El acopio de la voluminosa información a la luz de una investigación rigurosa y el profundo conocimiento de la problemática planteada, le permitió al autor describir la composición territorial de la Triple Alianza desde su centro rector hasta las regiones sometidas más lejanas, así como su peculiar organización y sus funciones políticas. La estructura misma de la obra lo muestra en el ordenamiento de sus apartados: ” “La estructura tripartita y las categorías territoriales”; “El reino Colhua-Mexica de Tenochtitlan”; “El reino Acolhua-Chichimeca de Tetzcoco”; “El reino Tepaneca de Tlacopan”; “Las regiones sometidas a la Triple Alianza” y “Las entidades territoriales en la organización imperial”.

En el planteamiento de sus objetivos, el profesor Carrasco aclara que van más allá de la catalogación y localización de lugares conquistados y tributarios.
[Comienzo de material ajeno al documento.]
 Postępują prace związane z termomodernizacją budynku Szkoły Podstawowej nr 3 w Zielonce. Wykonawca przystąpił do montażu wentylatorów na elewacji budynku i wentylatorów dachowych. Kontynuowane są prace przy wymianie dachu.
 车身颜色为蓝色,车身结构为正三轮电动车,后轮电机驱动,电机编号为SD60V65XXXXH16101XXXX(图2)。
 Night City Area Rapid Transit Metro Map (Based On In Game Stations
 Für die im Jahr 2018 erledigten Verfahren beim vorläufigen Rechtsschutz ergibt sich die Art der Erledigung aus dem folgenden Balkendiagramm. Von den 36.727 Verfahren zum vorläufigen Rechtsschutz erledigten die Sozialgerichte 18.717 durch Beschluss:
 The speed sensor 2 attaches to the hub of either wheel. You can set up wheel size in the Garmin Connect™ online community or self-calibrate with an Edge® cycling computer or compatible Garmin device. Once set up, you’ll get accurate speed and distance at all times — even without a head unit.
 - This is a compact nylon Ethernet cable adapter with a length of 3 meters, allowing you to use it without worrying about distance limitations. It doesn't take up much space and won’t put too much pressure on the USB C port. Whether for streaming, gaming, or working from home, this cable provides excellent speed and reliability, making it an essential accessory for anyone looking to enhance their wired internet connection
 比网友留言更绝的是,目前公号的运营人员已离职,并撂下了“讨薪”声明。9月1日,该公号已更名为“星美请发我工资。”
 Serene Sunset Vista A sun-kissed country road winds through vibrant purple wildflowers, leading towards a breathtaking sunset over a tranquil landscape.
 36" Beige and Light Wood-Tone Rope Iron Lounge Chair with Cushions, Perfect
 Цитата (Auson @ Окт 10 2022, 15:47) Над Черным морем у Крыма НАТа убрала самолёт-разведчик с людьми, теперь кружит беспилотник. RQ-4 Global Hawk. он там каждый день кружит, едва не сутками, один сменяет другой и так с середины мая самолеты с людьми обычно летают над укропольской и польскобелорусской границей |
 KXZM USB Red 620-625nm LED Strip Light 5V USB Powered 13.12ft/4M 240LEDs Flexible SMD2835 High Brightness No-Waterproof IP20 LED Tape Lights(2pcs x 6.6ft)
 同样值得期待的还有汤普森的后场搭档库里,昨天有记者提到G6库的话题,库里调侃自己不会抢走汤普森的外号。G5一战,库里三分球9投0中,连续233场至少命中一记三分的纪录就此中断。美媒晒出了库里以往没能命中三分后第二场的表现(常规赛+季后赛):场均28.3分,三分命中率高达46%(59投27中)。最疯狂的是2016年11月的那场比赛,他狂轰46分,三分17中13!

A partir de la estructura general del imperio define los distintos tipos de entidades territoriales que lo constituían y las diferentes condiciones de dominio político y económico en que se hallaban, así como las particulares funciones que desempeñaban en la organización global tripartita.

En la introducción se incluyen otras reflexiones aclaratorias. Al dar preferencia a la segmentación social y a su conexión con la territorialidad, explica que por segmentos se entiende las subdivisiones de una entidad política con jurisdicción, que abarcan generalmente tanto un territorio como una población de características culturales distintivas, cada una de las cuales desempeñan funciones especializadas dentro de la organización total. El territorio de cada segmento puede ser unitario o estar disperso en varias regiones, entreverado con territorios ajenos. La segmentación y el entreveramiento son dos rasgos de la estructura tripartita que contribuían al faccionalismo, causante posible de la integración o desintegración de las unidades territoriales.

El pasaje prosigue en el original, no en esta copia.